Records drawn from a dataset:
■ ■ ■ ■
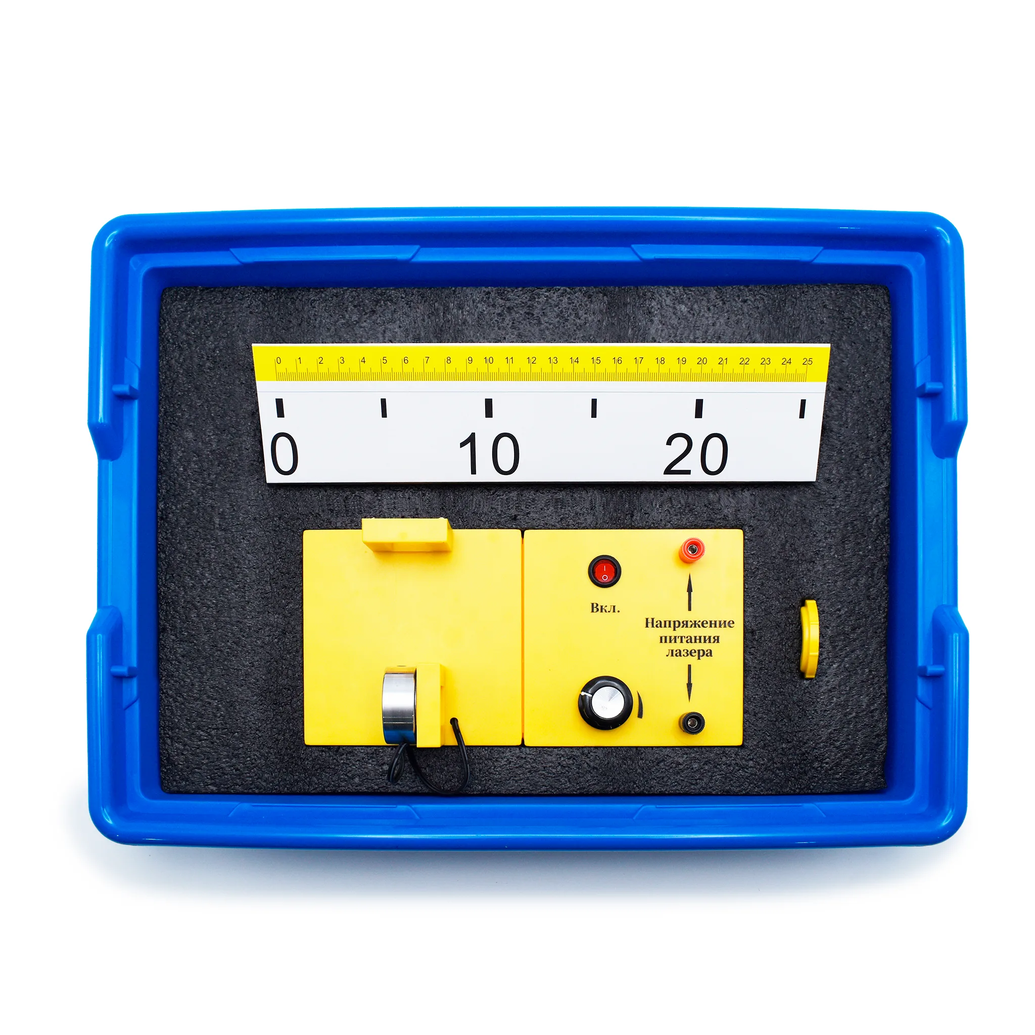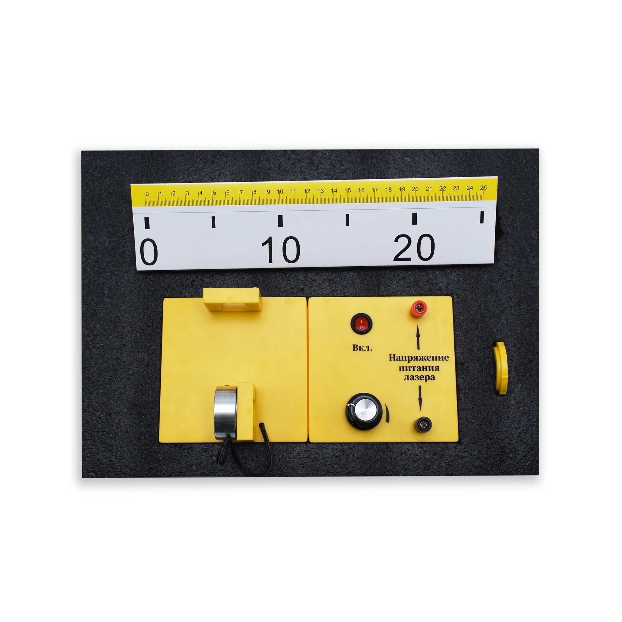 3. Электрическая цепь с регулировкой напряжения (на платформе): кнопка включения («Вкл.»), регулятор напряжения питания лазера (поворотная ручка), разъём для измерения напряжения.
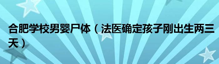 大家好,綜合小編來為大家講解下。合肥學校男嬰尸體,法醫確定孩子剛出生兩三天很多人還不知道,現在讓我們一起來看看吧!
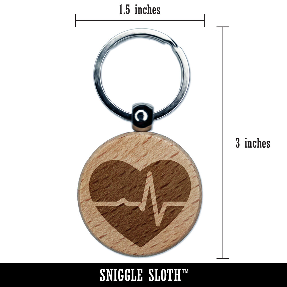EKG Pulse Heartbeat Engraved Wooden Round Keychain Charm
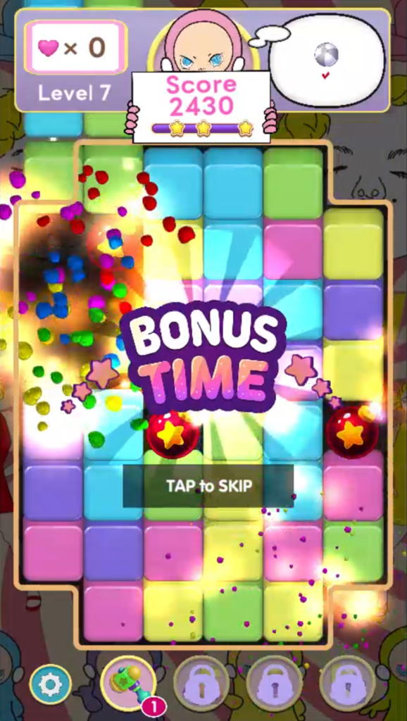 “生意気でKAWAII”キャラクターであるCHEEKEYの愛らしさ、そしてカラフルでアーティスティックなビジュアル が、シンプルなタップパズルのゲームプレイと融合しています。
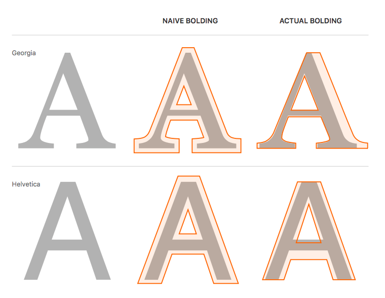 正如你所见,无论是在有衬线的情况下,还是在无衬线的情况下,幼稚的加粗程序都产生了很不一样的结果。例如,在Georgia字体中,左侧的笔划只是略微加粗,右侧的笔划则明显加粗了,但只加粗了一侧。在这两种字体中,加粗不会改变字体的高度,而幼稚方法却改变了高度。
■ ■ ■ ■
*Exercise goal*
Make an exact copy of every record, pictures excluded.

*Problem solution*
 3. Электрическая цепь с регулировкой напряжения (на платформе): кнопка включения («Вкл.»), регулятор напряжения питания лазера (поворотная ручка), разъём для измерения напряжения.
 大家好,綜合小編來為大家講解下。合肥學校男嬰尸體,法醫確定孩子剛出生兩三天很多人還不知道,現在讓我們一起來看看吧!
EKG Pulse Heartbeat Engraved Wooden Round Keychain Charm
 “生意気でKAWAII”キャラクターであるCHEEKEYの愛らしさ、そしてカラフルでアーティスティックなビジュアル が、シンプルなタップパズルのゲームプレイと融合しています。
 正如你所见,无论是在有衬线的情况下,还是在无衬线的情况下,幼稚的加粗程序都产生了很不一样的结果。例如,在Georgia字体中,左侧的笔划只是略微加粗,右侧的笔划则明显加粗了,但只加粗了一侧。在这两种字体中,加粗不会改变字体的高度,而幼稚方法却改变了高度。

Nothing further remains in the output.